Task details >> Given the entries below, would you transcribe exactly the lines starting at the one with "Каким должен быть" and ending at the one with "Fecha: 06-04-2026 Sector: Portada", both kept, pictures omitted, nothing extra?
═══ Material for this task
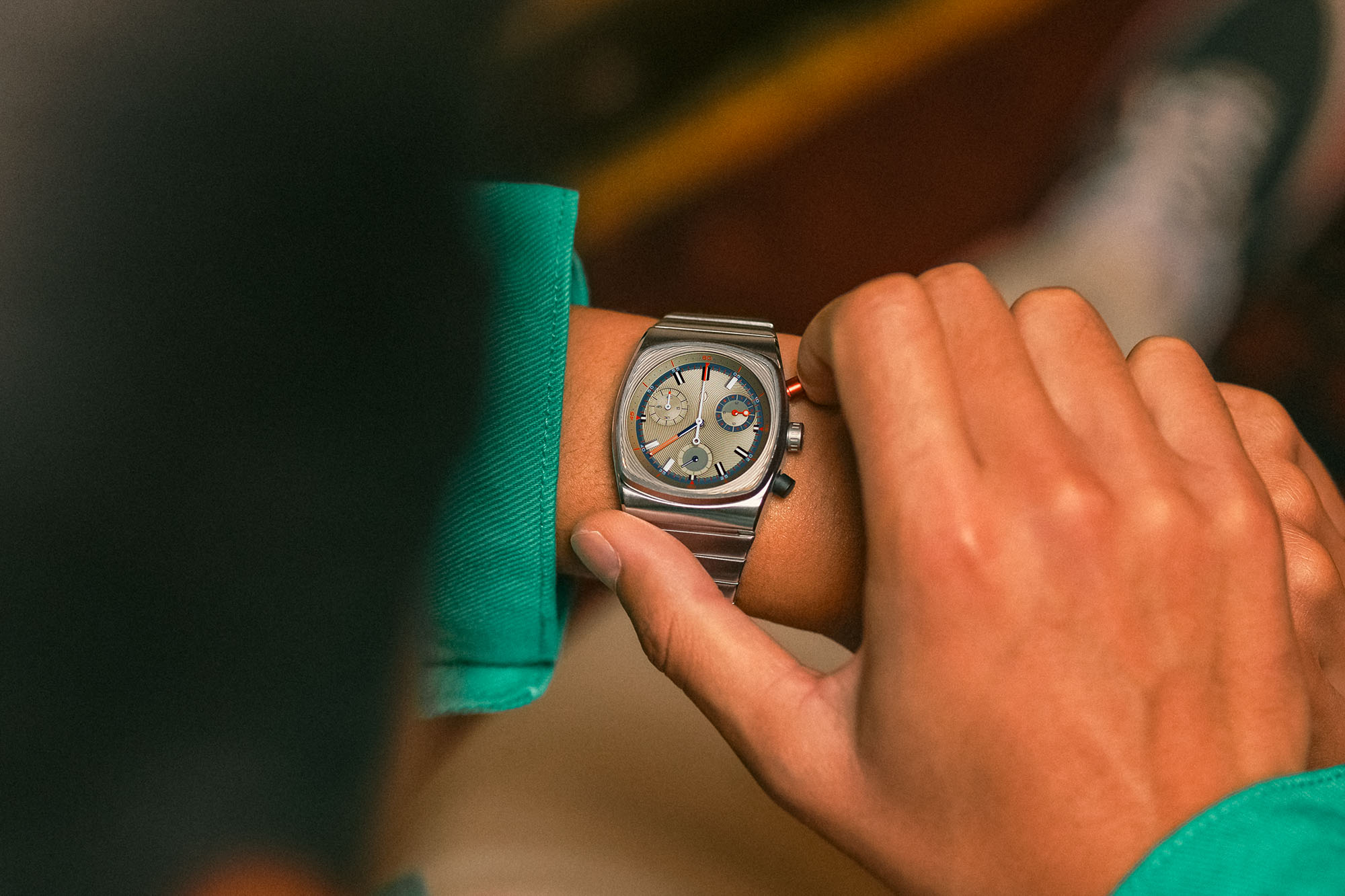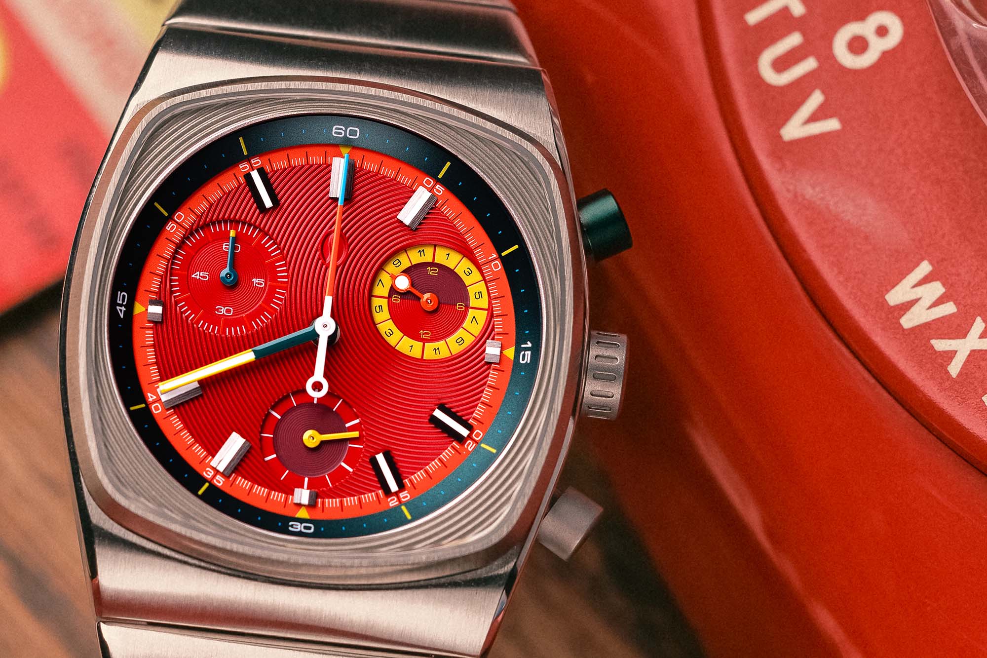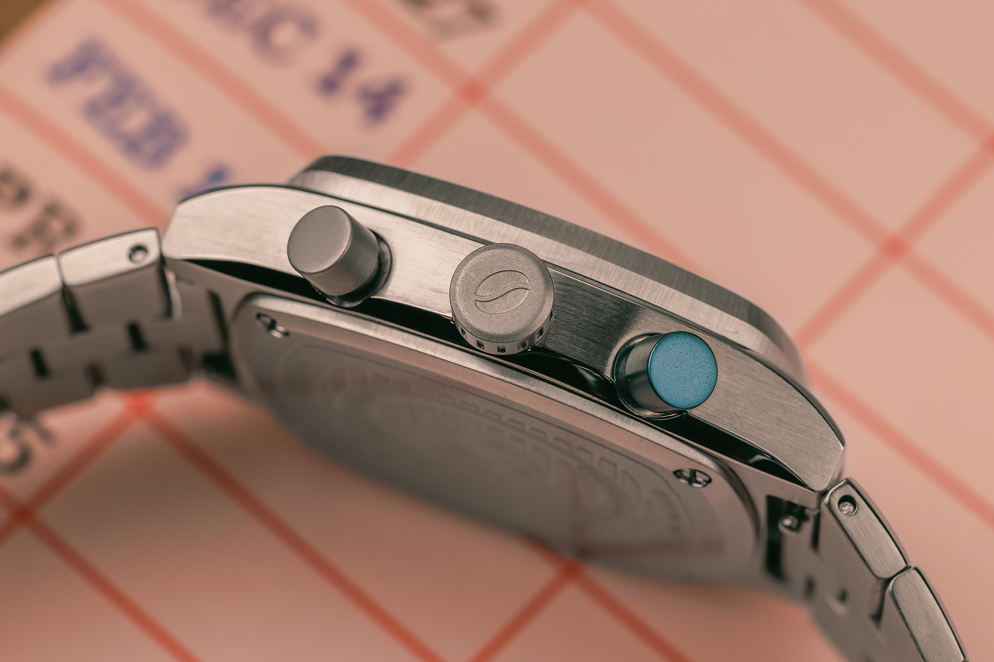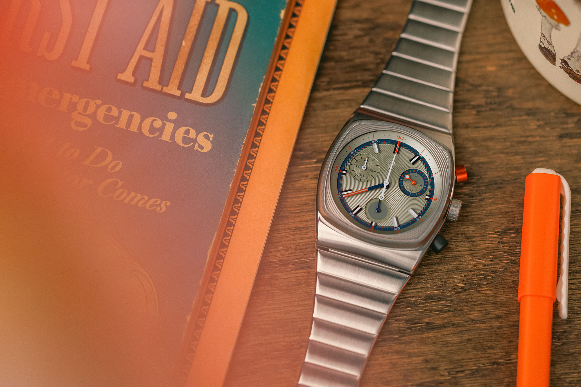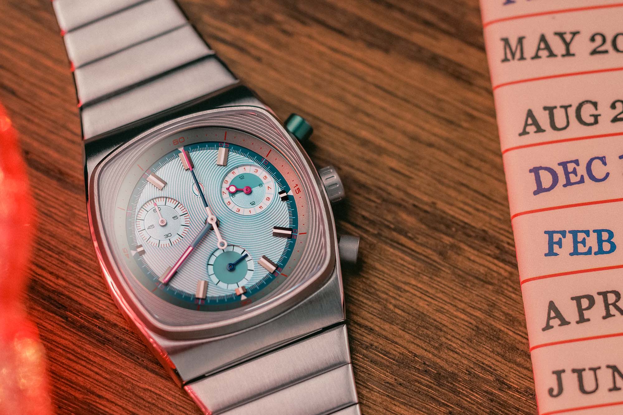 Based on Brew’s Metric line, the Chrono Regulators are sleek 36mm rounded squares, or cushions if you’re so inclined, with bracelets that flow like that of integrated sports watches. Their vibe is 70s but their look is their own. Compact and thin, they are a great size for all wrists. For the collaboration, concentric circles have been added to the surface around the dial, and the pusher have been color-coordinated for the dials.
══════
═══ Material for this task
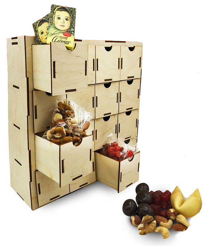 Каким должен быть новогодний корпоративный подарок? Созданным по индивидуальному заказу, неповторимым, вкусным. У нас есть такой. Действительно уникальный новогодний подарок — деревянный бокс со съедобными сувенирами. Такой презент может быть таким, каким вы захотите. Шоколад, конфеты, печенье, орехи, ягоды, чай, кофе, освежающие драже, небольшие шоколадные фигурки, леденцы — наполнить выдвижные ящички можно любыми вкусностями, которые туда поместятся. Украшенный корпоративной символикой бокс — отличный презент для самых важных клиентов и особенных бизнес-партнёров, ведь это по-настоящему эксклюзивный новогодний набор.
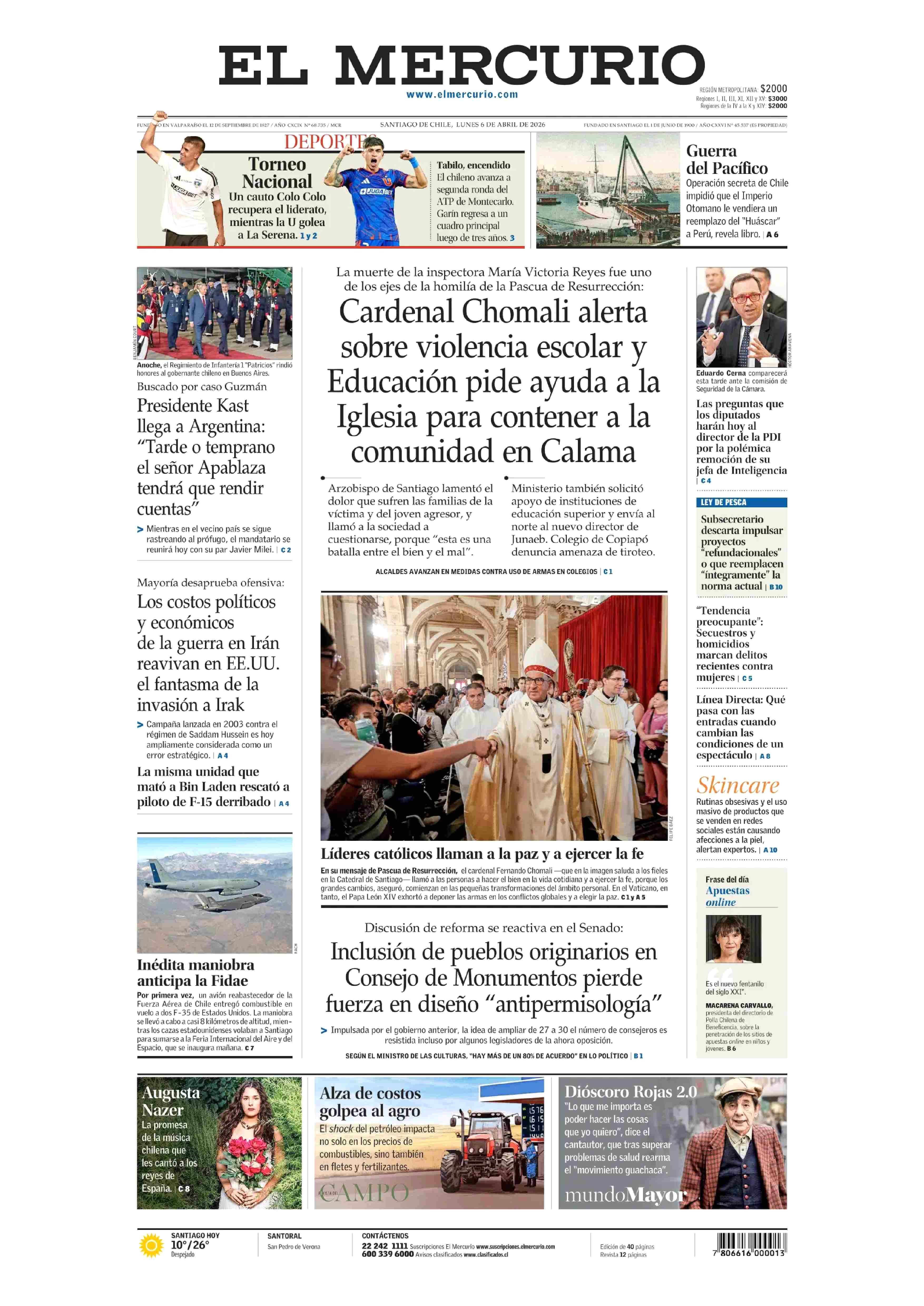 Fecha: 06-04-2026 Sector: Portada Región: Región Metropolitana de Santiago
══════
Completed task >>
 Каким должен быть новогодний корпоративный подарок? Созданным по индивидуальному заказу, неповторимым, вкусным. У нас есть такой. Действительно уникальный новогодний подарок — деревянный бокс со съедобными сувенирами. Такой презент может быть таким, каким вы захотите. Шоколад, конфеты, печенье, орехи, ягоды, чай, кофе, освежающие драже, небольшие шоколадные фигурки, леденцы — наполнить выдвижные ящички можно любыми вкусностями, которые туда поместятся. Украшенный корпоративной символикой бокс — отличный презент для самых важных клиентов и особенных бизнес-партнёров, ведь это по-настоящему эксклюзивный новогодний набор.
 Fecha: 06-04-2026 Sector: Portada Región: Región Metropolitana de Santiago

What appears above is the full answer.